With Roth IRA accounts, money is taxed up-front, meaning that all money that ends up in the account, as well as any money that would have compounded and grown, can be withdrawn without the need to pay taxes on them. Traditional IRA accounts on the other hand, are taxed at the annual income bracket you are at when you withdraw the money in retirement. Based on this alone, it makes the most sense for an individual who expects to be in a higher tax bracket when they retire than they are in currently, to open a Roth IRA account. On the other hand, an individual who expects to be in a lower tax bracket in retirement is better suited for a Traditional IRA account.
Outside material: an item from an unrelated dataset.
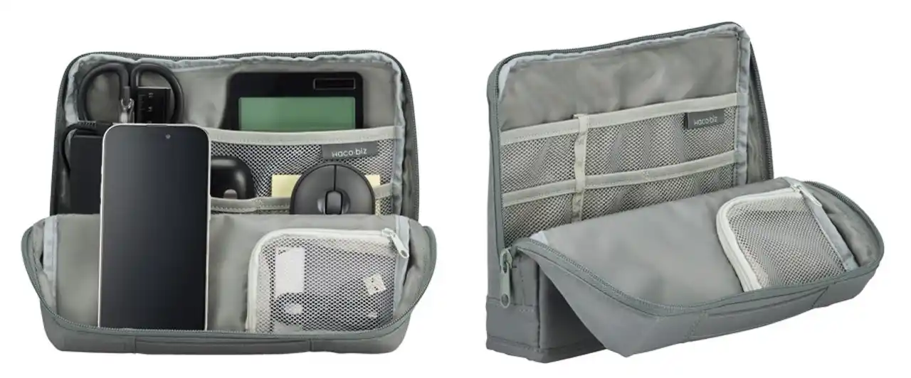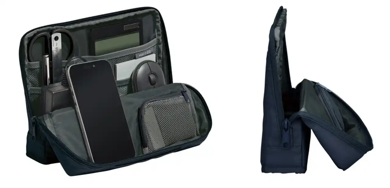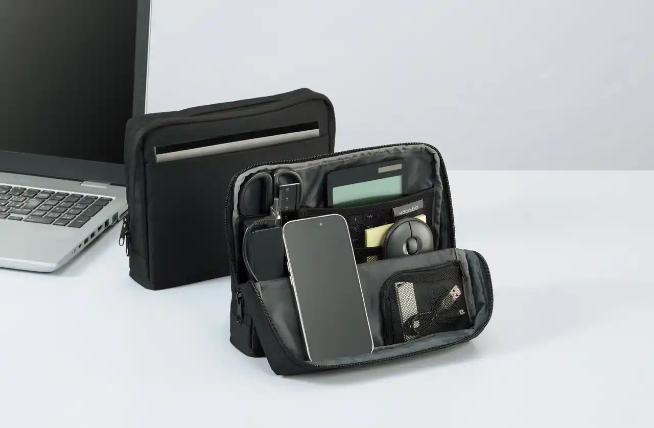 マウスやACアダプターなどの大きめのガジェット類を収容できるスペースと、ペンやイヤホンなどの文具や小物類を整理しやすい6つのポケットや仕切りを備えているため、より収容力がアップしました、また、ファスナーを開けるだけで開口部が前方に広がって自立する構造のため、必要なものをスピーディーに取り出すことができます。フリーアドレス環境で働くオフィスワーカーの仕事効率の向上をサポートします。 |

Maximum contributions for both accounts are the same, however Traditional IRA accounts mandate specified required minimum distributions (RMD) from the account beginning at the age of 72. Roth accounts don’t include RMD, however an added stipulation for Roth accounts is that it must have been open for at least 5 years before the individual is allowed to withdraw any money. Additionally, regardless of the account type, you are able to access the funds in the account after the age of 59.5 (longer in the case of having a Roth account open for less than 5 years).
Other Considerations
Other than IRA accounts, there are additional options to consider in choosing the best option for your retirement plans. You might consider vehicles such as savings accounts, CDs, mutual funds, or a variety of additional investment options that can supplement your pension. Having more than one retirement savings account provides you with tax diversification.
Since pension benefits are taxed when you make withdrawals, you may want to consider opening an additional account that is guaranteed to you such as a Roth IRA which is free to grow and not limited by the prospect of required minimum distributions if you don’t need access to the money right away. The longer the money stays in the account, the more it will grow for your future use, or to pass along to your family and loved ones. This way, you can make withdrawals on the accounts that require distributions, while still having a nest egg that continues to grow.
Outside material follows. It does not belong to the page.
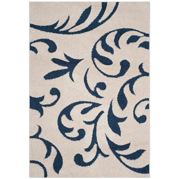 Introducing our elegant and luxurious accent rug, expertly crafted in the size of 2 feet 3 inches by 4 feet, to effortlessly complement any space in your home or office. This distinguished piece showcases a sophisticated cream and blue color palette, exuding serenity and poise.

Retirement planning is a complex process that requires individuals to look far into the future and make an investment today in order to stay on track with their goals for the future. Pensions (in the more traditional sense of the word) are becoming somewhat of a rarity, and with increased speculation as to their reliability as a source of income in retirement, it’s never been more important for individuals in occupations such as law enforcement to diversify the options that they have available to them. Your financial advisor can help you to come up with a plan that employs whatever retirement savings plan you might already have in place, with additional resources that will help you to realize the full extent of your retirement goals. Put a plan in place today by contacting your advisor, to ensure that when the time comes to exit the labor force, you can do so gracefully with the resources that you need.